Wednesday, August 27, 2014

Forgetting the Trees

Forgetting the Trees
Noel Laflin
8-27-14


Jack Trent came to breakfast one fine August morning looking exhausted.  He nearly missed chow altogether as he was very late.  His uniform was crumpled and his hair in disarray by the time he tried to nonchalantly slide into a table filled with other staff members. There was a wild and distant look about him, which actually wasn’t unusual for Jack lately.  He just looked a bit wilder that day as he absently brushed a few pine needles off his shoulder.

“I dreamed that I forgot to put out all of the trees this morning,” he mused, playing with the rock-hard oatmeal sitting before him.  “I can’t believe that I did that.  Man, were people pissed off.”

I looked out the old dining hall windows just to make certain that the forest was still there. Giant oaks and pines greeted my gaze all across the parade ground.

“Jack,” I began, “everything seems to be in place out there.”
 
“I know,” he hissed, trying valiantly to break apart his cereal.  “I did get most of camp done - got a few outlying areas to finish up though. I just need some calories here to keep me going and then head out to finish the job.  Pass the coffee there, will ya?”

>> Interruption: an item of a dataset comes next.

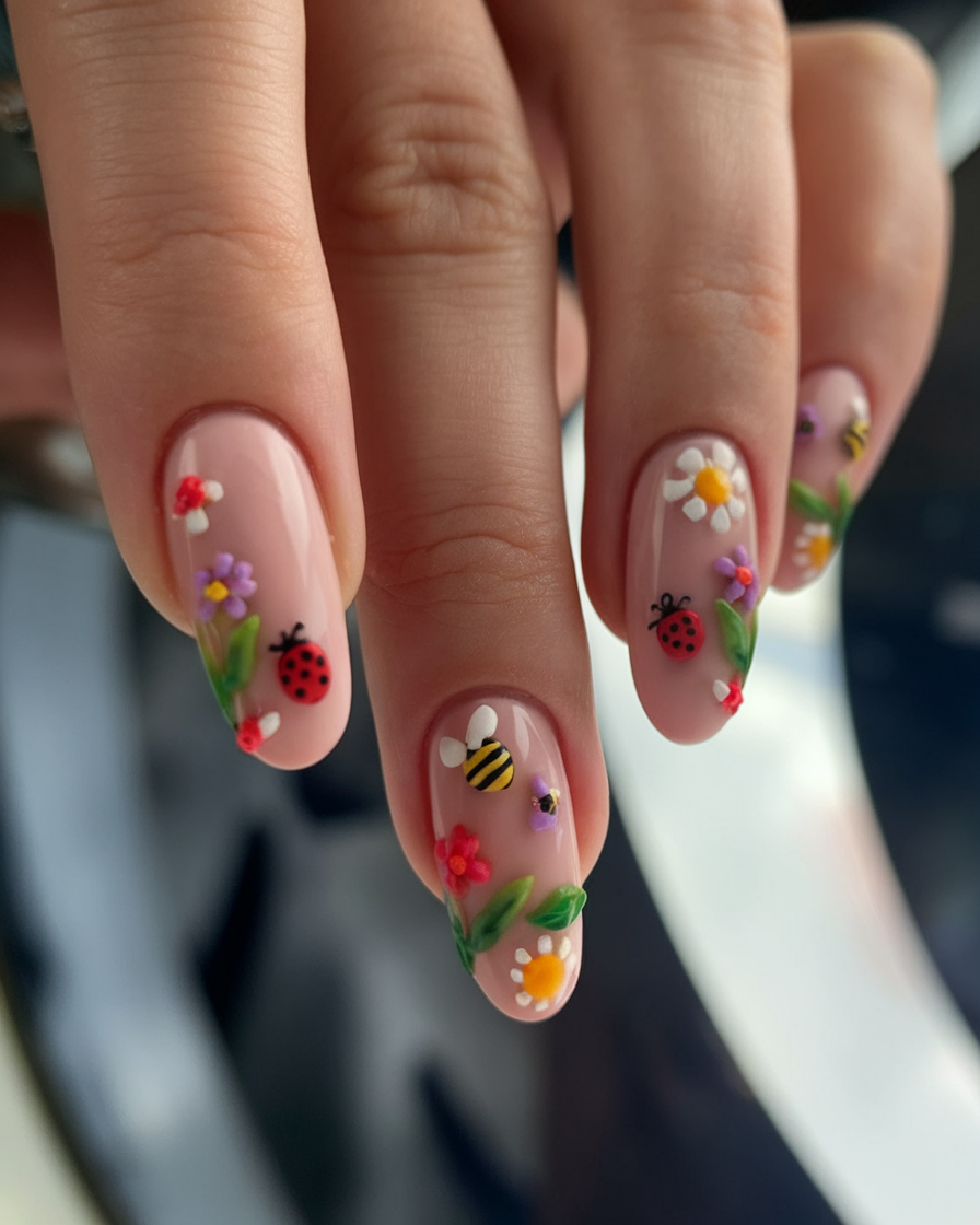 This cute floral-inspired manicure showcases tiny hand-painted flowers, ladybugs, and bees over a soft nude base. The dip powder technique ensures a smooth and long-lasting effect, while the 2025 dip elements add depth and texture. The intricate details make this design a standout choice in march nails color ideas 2025. Whether you’re looking for a playful early spring style or gel nail ideas 2025, this look is a charming option.

“So, your dream job,” passing the coffee pot over to my friend, “is to put out all of the trees every day before anyone notices?” I chuckled, pushing aside my own cereal and while trying to butter some very cold toast instead.

“Yeah,” he said a little distractedly. ”This dream is starting to hit me every night lately – it’s always the same: take in all the trees each evening and then put them back out the next morning before the campers wake up.  But today I over slept and was suddenly awakened by these kids tapping on my tent, demanding to know where their part of the forest had gone.  They were pretty mad too.  Hey, hand me the sugar, will ya?”

Jack was taking his ecology conservation directorship pretty seriously this summer and I believe it was starting to show.  He’d even recently moved his sleeping quarters just outside the old nature center.  Said it put him closer to the action. But, poor Jack was starting to become a little delusional by my way of thinking. He was just in need of a few nights of good sleep, minus the dreaming I figured.

“Well, Jack,” I said, trying my best to humor him.  “I’m sure you’ll get the job done.  Would sure be tough trying to find our way to Deep Creek today if the woods were all screwed up?  How would we spot the trail markers, huh?”

Jack suddenly looked pained.

“Deep Creek,” he moaned.  “Shoot! I gotta run.”

And with that, the man bolted out of the old mess hall and made a bee line due west.

A group of campers and I missed lunch that day.

It seems we got lost on the way to my favorite swimming hole.  It took forever to find our way there and back.  Half the trail-marked trees seemed to have disappeared overnight.